SON TANTOS los méritos de Hellzapoppin’ que uno no sabe por donde empezar. Por hincarle el diente por algún sitio, diremos que el título español le va como anillo al dedo. En una cartelera en la que los “locos, locos, locos…” proliferaron como moscas, Loquilandia –permítanme llamarla así- tiene acreditado el certificado de demencia absoluta.

Los cimientos están bien asentados. Son los desbarajustes teatrales de los Marx y sus transposiciones al cine, pero también cintas perfectamente desquiciadas como las que protagonizaban Woolsey y Wheeler –valga como ejemplo Diplomaniacs (Rumbo a Ginebra, 1933)- o la veta más excéntrica cultivada por W. C. Fields –en este caso el ejemplo sería Never Give a Sucker An Even Break (1941)- o los cortos de dibujos animados que Tex Avery dirige para la Warner Bros. a finales de los años treinta. No debe extrañarnos por tanto que Hollywood abriera sus puertas de par en par a los comediantes Olsen y Johnson, cuando triunfaron en Broadway con este espectáculo musical durante un porrón de meses.
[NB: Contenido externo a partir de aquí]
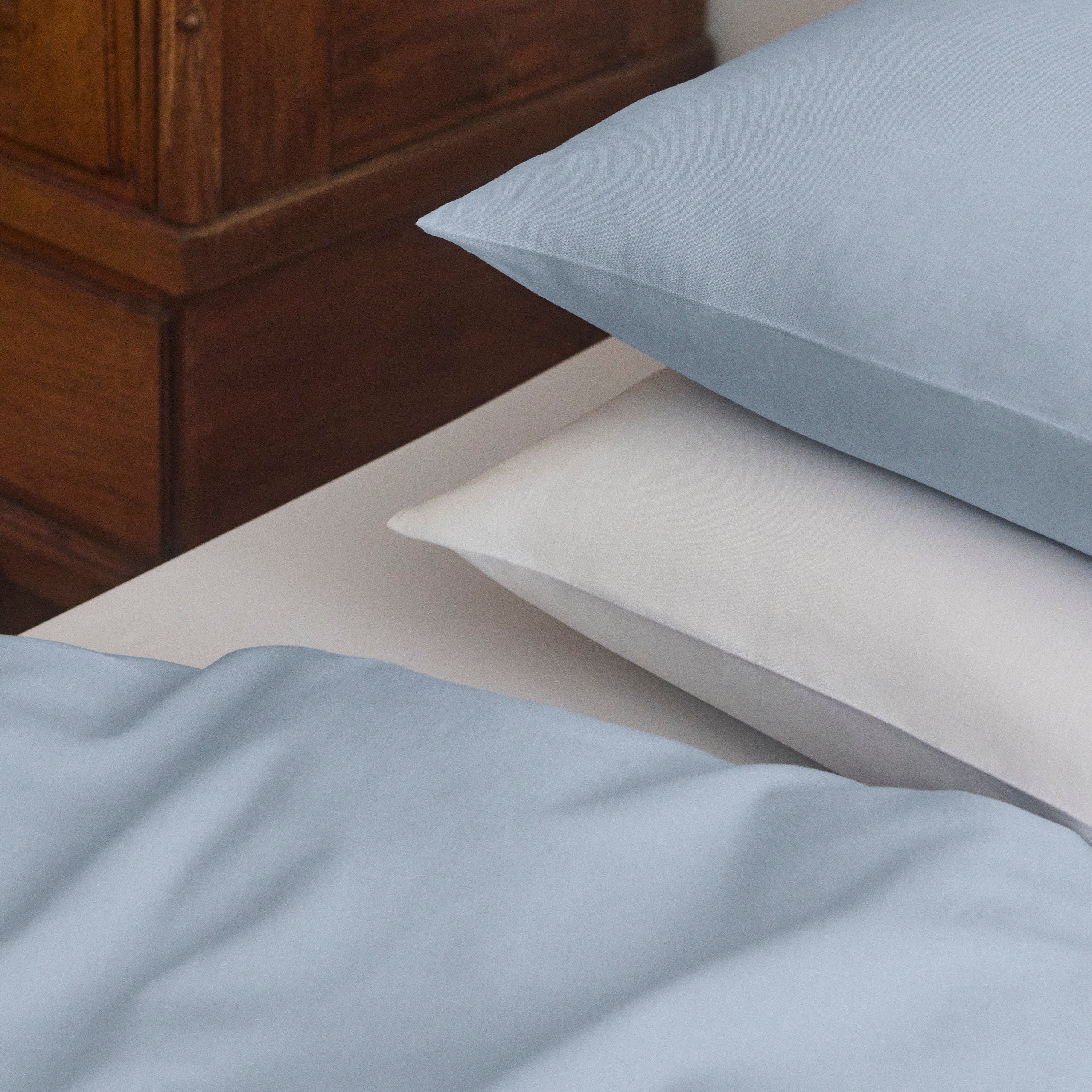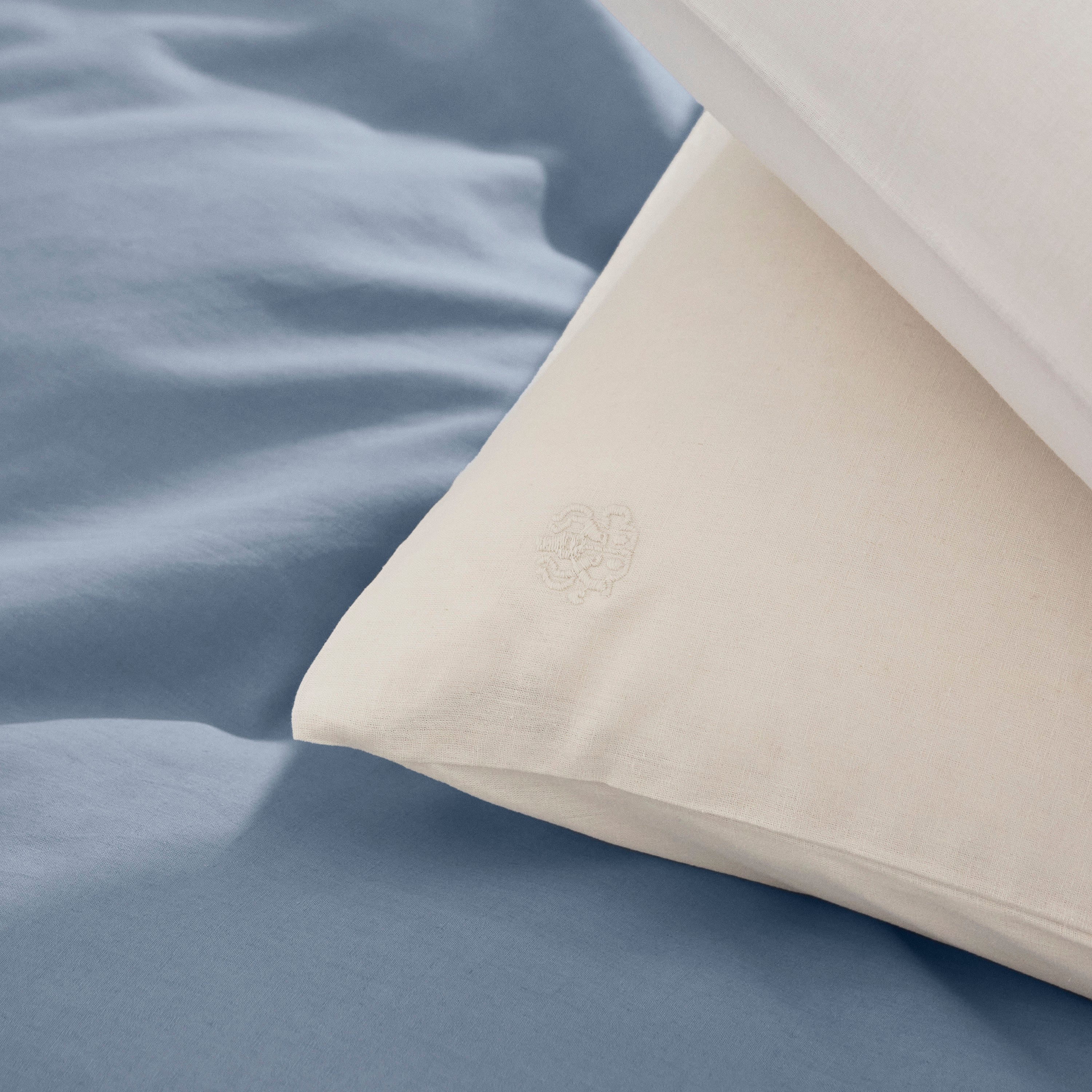 The Even bedding is woven from linen and cotton to combine the unique qualities of both materials. The natural texture of linen paired with the softness and shape retention of cotton. Together, they create a beautiful, matte and soft surface – as well as breathable and hard-wearing bedding. The colour Blue Haze is a light, dusty shade of blue.
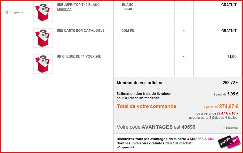 Merci krima25. Reçu même catalogue aujourd'hui avec autre code mais sans les 11/20 :-x l'ensemble a l'air vraiment sympa
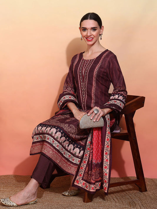 Ethnic Motif Printed Straight Kurta With Trouser & Dupatta

Tras el sensacional número inaugural, ambientado en un infierno con diablos acróbatas, y la llegada de Olsen y Johnson en un taxi que parece no tener conductor, hasta que de él desciende el liliputiense Harry Monty, los protagonistas piden al operador de cabina que rebobine la película. Como el proyeccionista es un familiar que ha obtenido el empleo gracias a una recomendación de las estrellas no tarda ni un minuto en hacerlo. Entonces interviene el director de la película (Richard Lane) para explicarles que el cine no es como el teatro y que es imprescindible una trama romántica. Para ello ha contratado a un guionista (Elisha Cook Jr.) que les presenta una fotografía de la mansión donde se desarrollará la acción y a los protagonistas del triángulo romántico que debe servir de cobertura al cúmulo de disparates. La foto cobra vida, los actores se dirigen a los protagonistas y les invitan a unirse a la acción. Sólo falta un falso príncipe ruso en trance de vesania irreversible (Mischa Auer), un detective aficionado a los disfraces excéntricos (Hugh Herbert) y una muchacha aquejada de furor uterino (Martha Raye), para completar el elenco principal.

El anzuelo argumental no puede ser más tópico. Los jóvenes enamorados planean montar un espectáculo musical en el invernadero de la mansión. “Somos tan asquerosamente ricos…”, afirman sin rubor.

Pero ni el enredo amoroso ni el espectáculo soñado logran imponerse al contagioso “Mira el pajarito” interpretado por Martha Raye. Ni mucho menos al número de baile interpretado por los Harlem Congaroo Dancers, que nadie que haya visto la película olvida jamás.

La escena comienza con un par de cocineros (Slim & Slam) tontean con los instrumentos. Contagiados por el ritmo se unen a ellos otros dos músicos (Rex Stuart y C. C. Johnson). Entonces hacen su aparición en el escenario doncellas, conductores y el resto de empleados encarnados por los autodenominados Harlem Congaroo Dancers, en realidad parte del equipo de bailarines de swing que el coreógrafo Herbert "Whitey" había formado a mediados de los años treinta para amenizar los espectáculos del Savoy Ballroom. Los danzantes que lo mismo actuaban en el Savoy que amenizaban una fiesta de la alta sociedad neoyorquina eran más conocidos como los Whitey’s Lindy Hoppers. También los pueden ver en acción en A Day At The Races (Un día en las carreras, 1937) tras una breve introducción de Harpo Marx ejerciendo de flautista de Hammelin en la cabaña del tío Tom.



Pues aún no han visto nada. Frankie Manning coreografió esta escena de Hellzapoppin’ (y aparece en pantalla) que, pásmense ustedes, se había ensayado al ritmo de otra melodía inutilizable por un problema de derechos. Nos callamos. Disfruten.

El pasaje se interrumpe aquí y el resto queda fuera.